(YOUR GOAL)
Only the text belongs in the answer: every line of the records below, transcribed exactly.

### TASK DATA

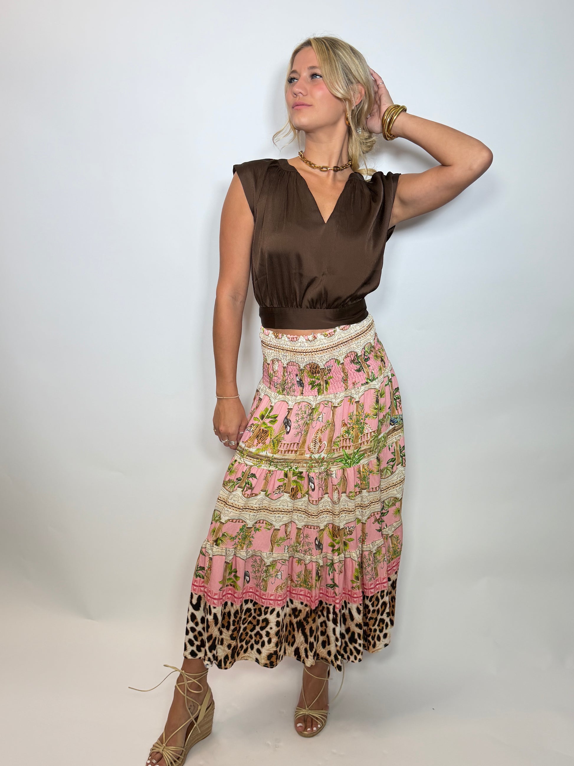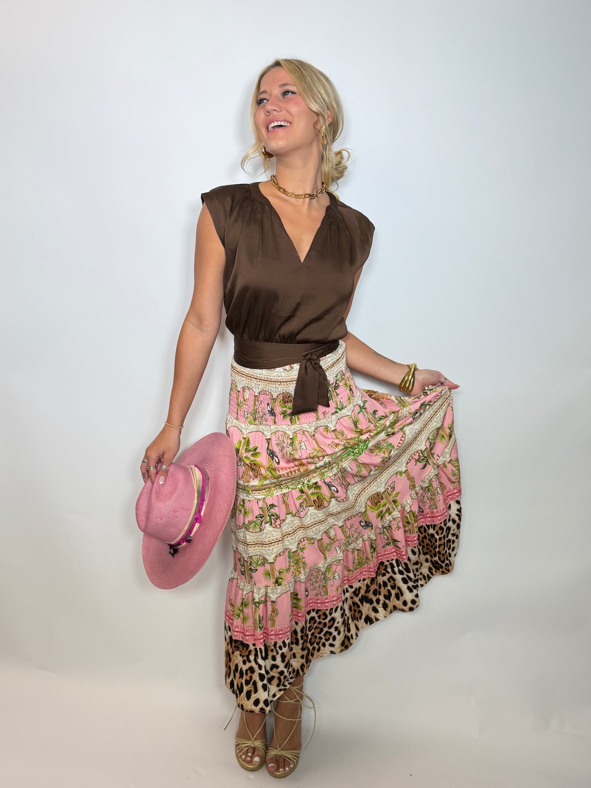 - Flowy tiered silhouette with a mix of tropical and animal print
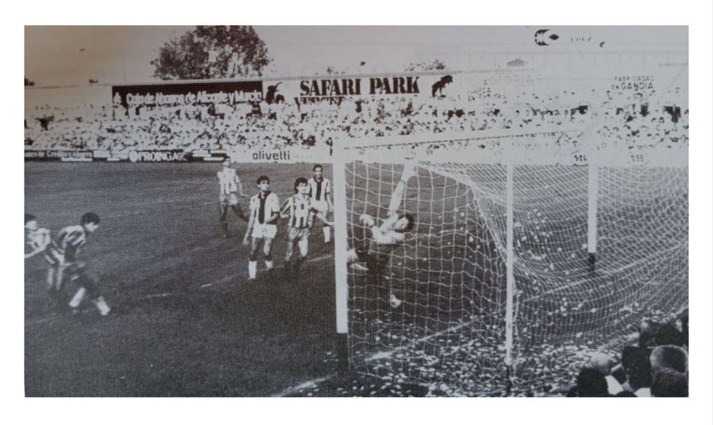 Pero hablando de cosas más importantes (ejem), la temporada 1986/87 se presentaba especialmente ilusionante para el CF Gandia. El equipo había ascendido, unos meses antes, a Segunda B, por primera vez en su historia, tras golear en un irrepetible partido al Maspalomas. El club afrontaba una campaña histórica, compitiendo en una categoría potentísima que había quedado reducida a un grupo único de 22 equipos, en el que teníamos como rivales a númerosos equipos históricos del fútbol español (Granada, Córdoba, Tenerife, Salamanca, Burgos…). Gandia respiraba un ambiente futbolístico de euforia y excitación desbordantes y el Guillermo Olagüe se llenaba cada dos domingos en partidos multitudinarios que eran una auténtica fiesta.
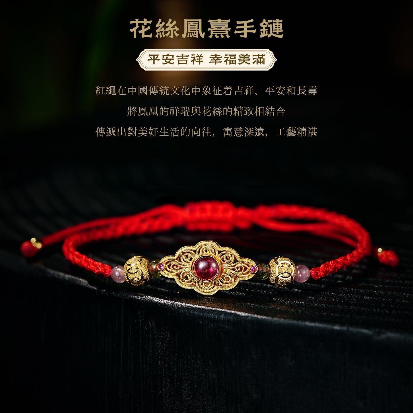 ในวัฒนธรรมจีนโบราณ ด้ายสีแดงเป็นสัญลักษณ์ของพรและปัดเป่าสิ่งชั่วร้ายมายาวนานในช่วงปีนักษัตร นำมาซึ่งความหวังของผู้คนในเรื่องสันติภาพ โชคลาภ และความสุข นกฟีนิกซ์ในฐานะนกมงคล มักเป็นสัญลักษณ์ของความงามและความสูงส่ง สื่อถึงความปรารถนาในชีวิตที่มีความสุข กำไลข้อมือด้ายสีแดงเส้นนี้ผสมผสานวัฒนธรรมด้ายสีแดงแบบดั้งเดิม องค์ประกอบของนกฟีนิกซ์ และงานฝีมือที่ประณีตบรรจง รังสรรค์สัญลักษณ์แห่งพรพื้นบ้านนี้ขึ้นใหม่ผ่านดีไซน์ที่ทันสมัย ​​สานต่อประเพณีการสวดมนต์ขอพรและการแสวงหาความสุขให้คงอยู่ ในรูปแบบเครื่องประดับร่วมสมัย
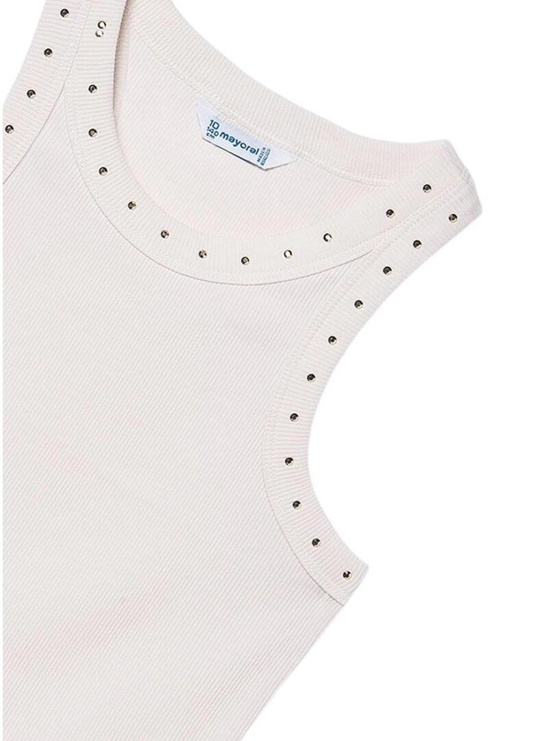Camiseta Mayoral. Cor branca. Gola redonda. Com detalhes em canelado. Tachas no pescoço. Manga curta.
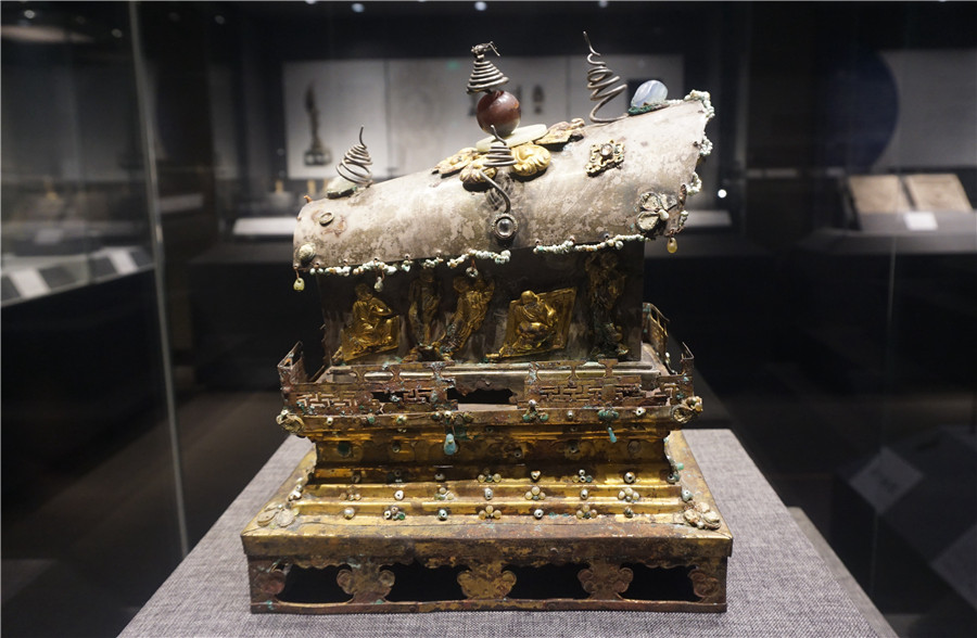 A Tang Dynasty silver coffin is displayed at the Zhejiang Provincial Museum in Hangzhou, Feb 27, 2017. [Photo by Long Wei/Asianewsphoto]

######

(SOLUTION TO THIS PROBLEM)
 - Flowy tiered silhouette with a mix of tropical and animal print
 Pero hablando de cosas más importantes (ejem), la temporada 1986/87 se presentaba especialmente ilusionante para el CF Gandia. El equipo había ascendido, unos meses antes, a Segunda B, por primera vez en su historia, tras golear en un irrepetible partido al Maspalomas. El club afrontaba una campaña histórica, compitiendo en una categoría potentísima que había quedado reducida a un grupo único de 22 equipos, en el que teníamos como rivales a númerosos equipos históricos del fútbol español (Granada, Córdoba, Tenerife, Salamanca, Burgos…). Gandia respiraba un ambiente futbolístico de euforia y excitación desbordantes y el Guillermo Olagüe se llenaba cada dos domingos en partidos multitudinarios que eran una auténtica fiesta.
 ในวัฒนธรรมจีนโบราณ ด้ายสีแดงเป็นสัญลักษณ์ของพรและปัดเป่าสิ่งชั่วร้ายมายาวนานในช่วงปีนักษัตร นำมาซึ่งความหวังของผู้คนในเรื่องสันติภาพ โชคลาภ และความสุข นกฟีนิกซ์ในฐานะนกมงคล มักเป็นสัญลักษณ์ของความงามและความสูงส่ง สื่อถึงความปรารถนาในชีวิตที่มีความสุข กำไลข้อมือด้ายสีแดงเส้นนี้ผสมผสานวัฒนธรรมด้ายสีแดงแบบดั้งเดิม องค์ประกอบของนกฟีนิกซ์ และงานฝีมือที่ประณีตบรรจง รังสรรค์สัญลักษณ์แห่งพรพื้นบ้านนี้ขึ้นใหม่ผ่านดีไซน์ที่ทันสมัย ​​สานต่อประเพณีการสวดมนต์ขอพรและการแสวงหาความสุขให้คงอยู่ ในรูปแบบเครื่องประดับร่วมสมัย
Camiseta Mayoral. Cor branca. Gola redonda. Com detalhes em canelado. Tachas no pescoço. Manga curta.
 A Tang Dynasty silver coffin is displayed at the Zhejiang Provincial Museum in Hangzhou, Feb 27, 2017. [Photo by Long Wei/Asianewsphoto]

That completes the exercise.